== Input data ==
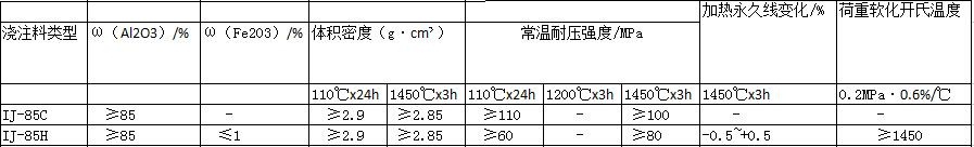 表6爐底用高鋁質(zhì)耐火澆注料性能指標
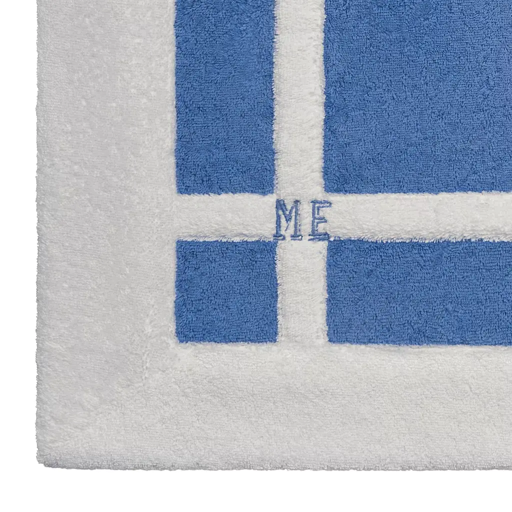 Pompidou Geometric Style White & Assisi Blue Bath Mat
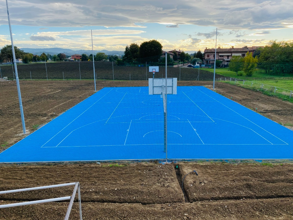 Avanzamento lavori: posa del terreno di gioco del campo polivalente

== Task objective ==
All the lines above must be written out exactly, without a single picture.

== Task solution ==
 表6爐底用高鋁質(zhì)耐火澆注料性能指標
 Pompidou Geometric Style White & Assisi Blue Bath Mat
 Avanzamento lavori: posa del terreno di gioco del campo polivalente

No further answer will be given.